From our desks to yours, the following Link Quality Checklist is a great resource we use when evaluating the quality of a site and potential link or content placement opportunities:
- Relevance – Are the links and content relevant to the topic of the site?
- DA (domain authority) – Should be at least 30+.
- DO FOLLOW – Site should contain a healthy mix of outbound links with DO FOLLOW & NO FOLLOW tags.
- Spammy links – Site should not have any content or links to the following: Payday Loan – Advanced search command – site:verticalmeasures.com “payday loan,” Online Casino – Advanced search command – site:verticalmeasures.com “online casino,” Porn – Advanced search command – site:verticalmeasures.com “porn,” Pills – Advanced search command – site:verticalmeasures.com “pills”
- Indexed in Search Engines – Site should show up in search results. Beware of multiple results with duplicate content.
- Advertisements – The site should have fewer than 3 ads above the fold.
- No Infolinks – Can slow down a page’s load time and may result in broken pages.

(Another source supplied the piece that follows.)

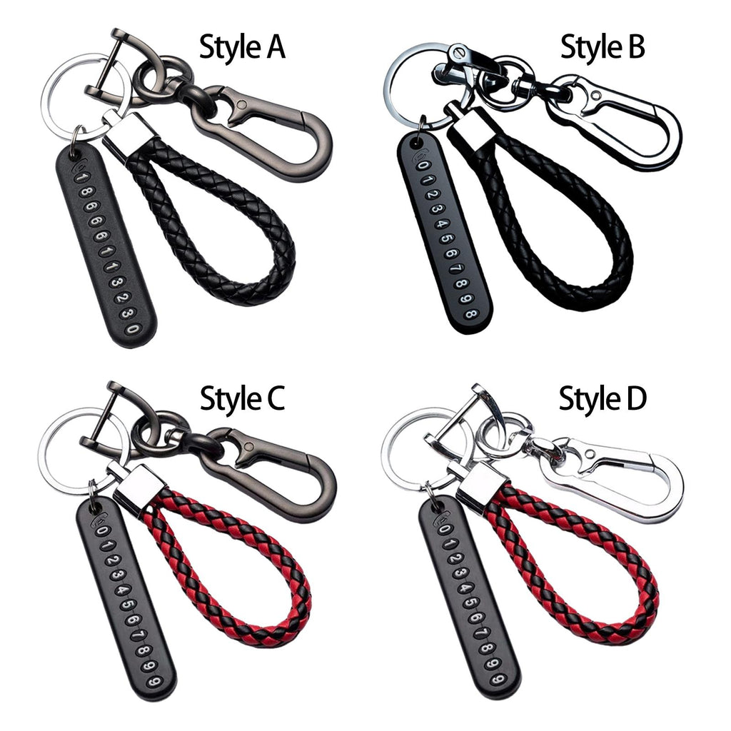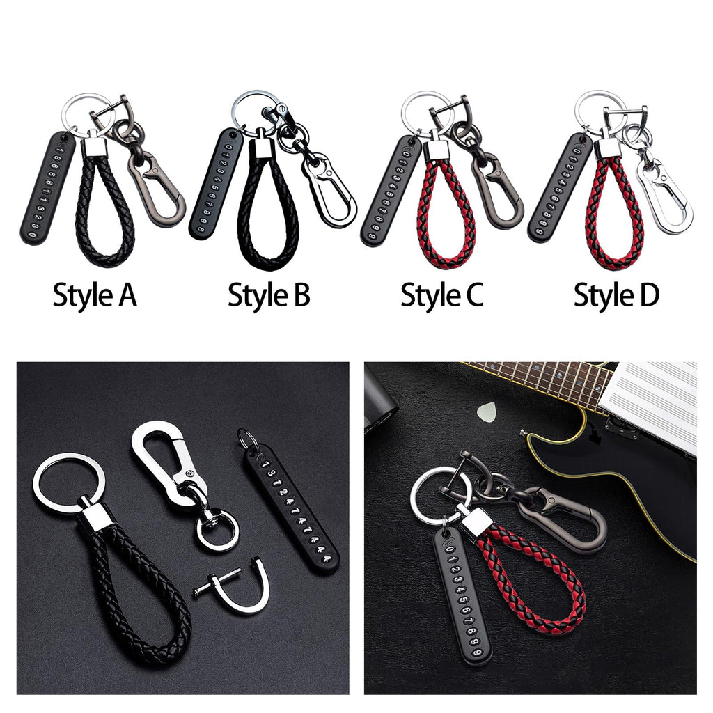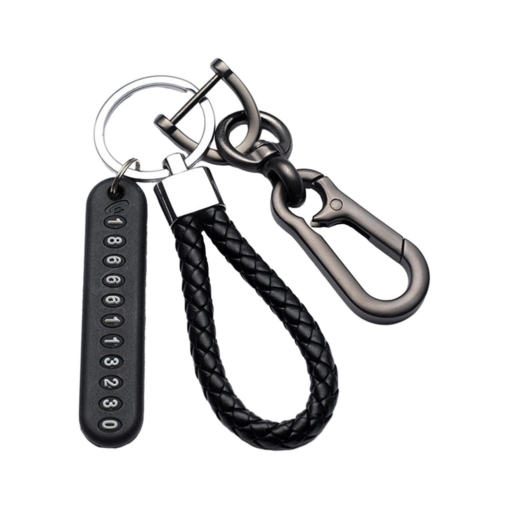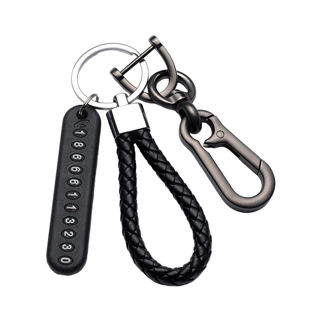 【Car Keychain】: The keychain set comes with an anti lost phone number plate, a metal horseshoe buckle, and a braided rope.
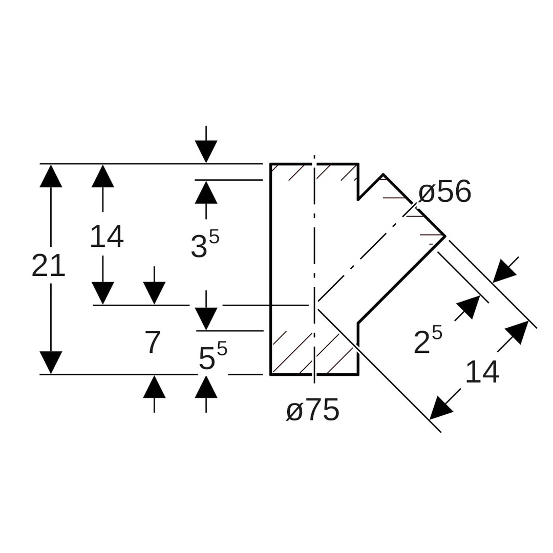| Rohraußendurchmesser Anschluss 1 | 75 mm |

- No Partner Links – Need to be relevant and cannot include other sites within a network.
- Authors – Site should have multiple contributors if they accept guest posts.

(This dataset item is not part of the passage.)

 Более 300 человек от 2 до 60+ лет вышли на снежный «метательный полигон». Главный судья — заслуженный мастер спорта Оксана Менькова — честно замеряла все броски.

- Design – The site must not be a site wholly dedicated to Adsense and or a site that exists solely for content placement and link building.
- Frequency of posts on site – The site should feature a steady pace of posts from the first post to present with at least 1 post per week being the norm.
- In Content – Link must be in-content, no author bios. Link may reside in a ‘list’ on the content page.
- ESL – No spun content or English as a second language sites. Content to be relevant to the anchor text/landing page.
- Disclosure – The site must not disclose that they take payments for placing content. Also cannot say “PR Friendly”.
- Traffic – The site should have monthly traffic.
- Root Domain – The content should be placed within 3 levels of the root domain.
- Social Mentions – Does the site have social mentions? Twitter, FB, Pinterest, G+, and others
We’ve put this checklist into a Google doc so it’s easy for you to print or download…get it below!
While Moz’s Domain Authority tool is still one of the primary key metrics in determining a site’s value, it too soon may land on Google’s algorithmic cutting room floor if they decide to block or minimize the number of signals Moz uses to calculate the strength of a website. Although DA scores are updated fairly regularly (about every 3 to 4 weeks), there’s really no telling if Google wishes to shake anyone off their trail. Social signals are great for building your brand and increasing website traffic. We will probably see more content promotion via multiple channels including social media, but at least for now, they won’t have any impact on SERP’s or be incorporated into the Google algorithms. Mobile responsiveness will also be a huge optimization hurdle for websites and should yield more visibility in the organic traffic search results.
Bottom line, focus on a great User Experience and you’ll stay on top – PageRank or no PageRank.